EXCERPTED DATA:
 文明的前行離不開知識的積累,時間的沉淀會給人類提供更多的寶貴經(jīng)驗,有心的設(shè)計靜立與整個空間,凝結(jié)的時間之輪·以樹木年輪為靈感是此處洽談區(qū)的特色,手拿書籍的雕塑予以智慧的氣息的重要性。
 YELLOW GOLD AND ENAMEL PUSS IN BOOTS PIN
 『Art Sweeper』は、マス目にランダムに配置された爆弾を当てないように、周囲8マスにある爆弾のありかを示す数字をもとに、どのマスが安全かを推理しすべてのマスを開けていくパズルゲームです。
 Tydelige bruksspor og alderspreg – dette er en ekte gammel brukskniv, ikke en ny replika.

...

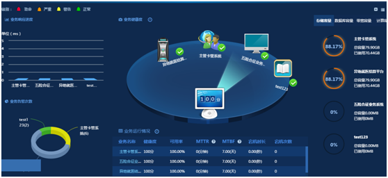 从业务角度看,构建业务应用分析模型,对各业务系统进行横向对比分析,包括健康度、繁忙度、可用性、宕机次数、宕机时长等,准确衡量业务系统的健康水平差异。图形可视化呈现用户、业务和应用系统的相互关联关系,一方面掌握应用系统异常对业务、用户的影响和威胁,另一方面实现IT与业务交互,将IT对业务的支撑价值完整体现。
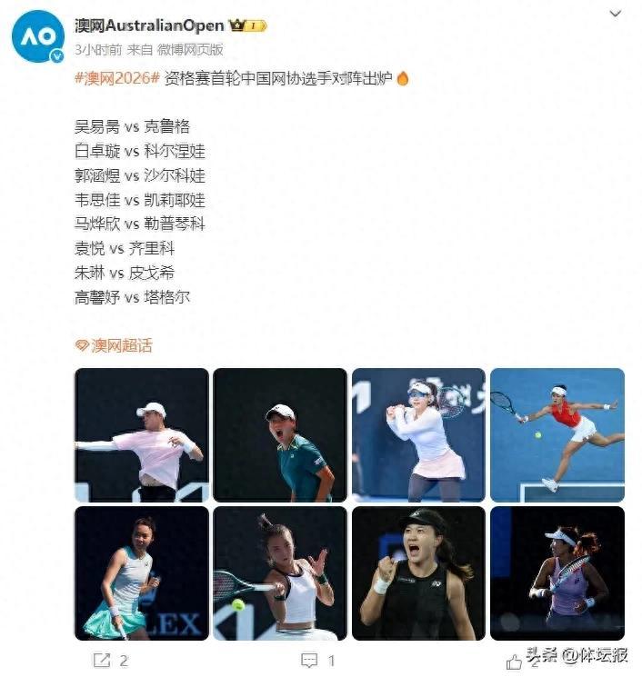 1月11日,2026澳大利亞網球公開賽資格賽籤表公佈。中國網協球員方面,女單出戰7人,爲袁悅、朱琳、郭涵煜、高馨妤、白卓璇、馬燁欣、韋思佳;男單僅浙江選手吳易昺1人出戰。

ABOUT THIS TASK: Within the data above, repeat exactly the lines from the one bearing "从业务角度看,构建业务应用分" through the one bearing "1月11日,2026澳大利亞". Include no pictures and nothing else.

REPLY:
 从业务角度看,构建业务应用分析模型,对各业务系统进行横向对比分析,包括健康度、繁忙度、可用性、宕机次数、宕机时长等,准确衡量业务系统的健康水平差异。图形可视化呈现用户、业务和应用系统的相互关联关系,一方面掌握应用系统异常对业务、用户的影响和威胁,另一方面实现IT与业务交互,将IT对业务的支撑价值完整体现。
 1月11日,2026澳大利亞網球公開賽資格賽籤表公佈。中國網協球員方面,女單出戰7人,爲袁悅、朱琳、郭涵煜、高馨妤、白卓璇、馬燁欣、韋思佳;男單僅浙江選手吳易昺1人出戰。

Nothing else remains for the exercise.